Right, it's hard to put all this down into words because there are SO many thoughts going through my head right now...

Okay. So i've been anxious and emetophobic for nearly 10 years (i'm 17 now). I always remember being anxious at school and then i also remember worrying about being sick a lot. I have been on prozac for 2 years and i recently had a terrible relapse and am now having CBT and hypnotherapy. My therapist want me to stay off this website so I will do when I have got the answer to this question.

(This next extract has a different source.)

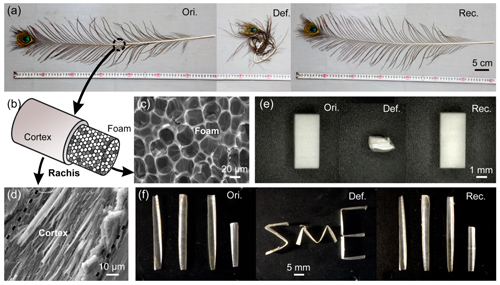 图2:孔雀羽毛及其组成部分在水合作用下的形状记忆效应

The question I wanted to ask was...
Sage and a lot of people on this website say that emetophobia is just a SYMPTOM of our anxiety disorder... So if this is correct, then why in CBT are we treating the symptom and not the underlying anxiety? My hypnotherapist is trying to help with the anxiety whereas my CBT therapist said that I should gradually expose myself to vomit. I gave her the FAQ's sheet on this website and my hypnotherapist has it as well. BUT the problem is... I used to be TERRIFIED of other people being sick because i thought it would make me feel sick. But because i'm a teenager, i've sort of got used to it. I've had SO many house parties where my friends have just puked EVERYWHERE all over my floor and stuff. At first I used to run away and put my fingers in my ears and cry. But i just sort of got used to it. It's the same with watching videos, when I was little I used to watch Casualty and if someone vomited on it, I would think about it all night long and have images for ages. But now, I can watch programmes with loads of vomit it. I can see vomit and not be too scared. I still don't WANT to watch it but I feel that i have got used to it. So in CBT, Alice (my therapist) said we are going to look at pictures and videos and build up a hierachy... and I said that i don't really know what scares me about being sick because i've sorta got used to seeing other people be sick so I can;t think of anything to put on my hierachy?! But i'm still SO scared of it! I have panic attacks ALL the time about it. So now i'm scared that CBT won't ever work for me because i've got used to vomit but i'm still not cured... So maybe i'll never be able to be cured because i'm different from everyone else?! I don't know what to do! Am i un treatable?! And why are we treating the symptom? Surely if emet goes away, my anxiety will just latch onto something else?


Or maybe my phobia has become less severe because i've done part of the therapy myself? As in, i've got used to other's vomiting. But then again, if it was less severe why do i still have LOADS of panic attacks about it and feel deathly afraid? And also how do I treat the bit I still have left?

Anyone got any ideas or similar experiences?